The $765 Million Swap: How the Trump Administration Is Dismantling U.S. Offshore Wind One Lease at a Time



The administration's latest buyback deal with Invenergy marks a strategic pivot from renewable energy to fossil fuels—and signals a new chapter in America's energy wars.


I. Introduction: A New Front in the Energy Wars

On June 17, 2026, the U.S. Department of the Interior announced a landmark settlement agreement with Invenergy, North America's largest privately held developer of independent power infrastructure. The deal: Invenergy would voluntarily terminate four offshore wind leases—located in the New York Bight, off the Central Coast of California, and in the Gulf of Maine—in exchange for $765 million in reimbursements. In return, the company committed to redirect those funds toward natural gas‑fired power plants in Indiana, Wisconsin, Iowa, Kansas, and Missouri, as well as geothermal power generation projects in the Western United States.

The Invenergy agreement is not an isolated incident. It is the third such buyback deal announced by the Trump administration in 2026, following a $1 billion agreement with French energy giant TotalEnergies in March and an $885 million deal with Golden State Wind and Bluepoint Wind in April. Together, these three settlements have redirected nearly $2.6 billion in taxpayer funds away from offshore wind development and toward fossil fuel and conventional energy infrastructure.
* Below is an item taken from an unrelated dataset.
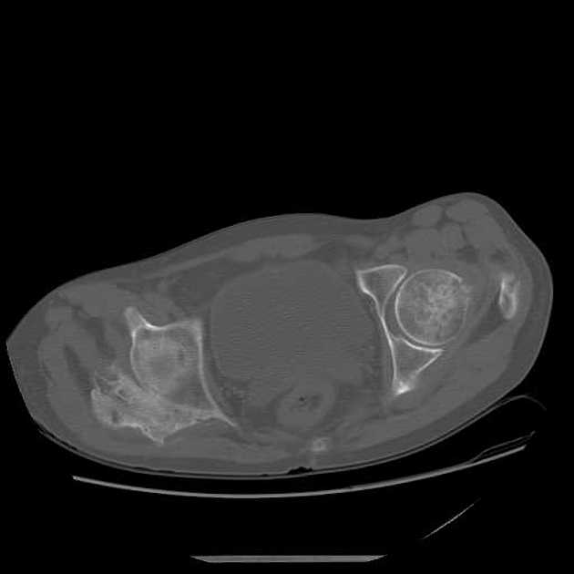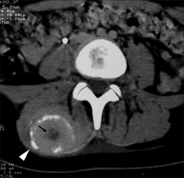 CT may be useful in the visualization of a lesion. Figure 3 demonstrates a lesion posterior to the right acetabulum. It demonstrates a partially corticated periphery and partial cleft separating the lesion from the acetabulum. Figure 4 is an interesting example of an MO lesion in the paraspinal musculature, with ossified periphery and lucent center.

This article examines the Invenergy deal in depth, situating it within the broader context of the Trump administration's systematic campaign against offshore wind, the legal and political battles that have shaped this strategy, and the far‑reaching implications for America's energy transition, state climate goals, and the future of renewable energy investment.


II. The Invenergy Deal: Anatomy of a Settlement

The Leases Terminated

Under the agreement, Invenergy affiliates relinquished four offshore wind leases:

· New York Bight: A lease covering approximately 84,000 acres, purchased in 2022 for $645 million during a Biden administration auction. This project was expected to provide around 2.4 GW of renewable energy capacity.
· Central Coast of California (Morro Bay): The "Even Keel Wind" project, covering more than 80,000 acres off the coast of Morro Bay, anticipated to generate 2 GW of offshore wind capacity—enough to power approximately 1 million homes.
· Gulf of Maine: Two additional leases in the Gulf of Maine, which were very early in development.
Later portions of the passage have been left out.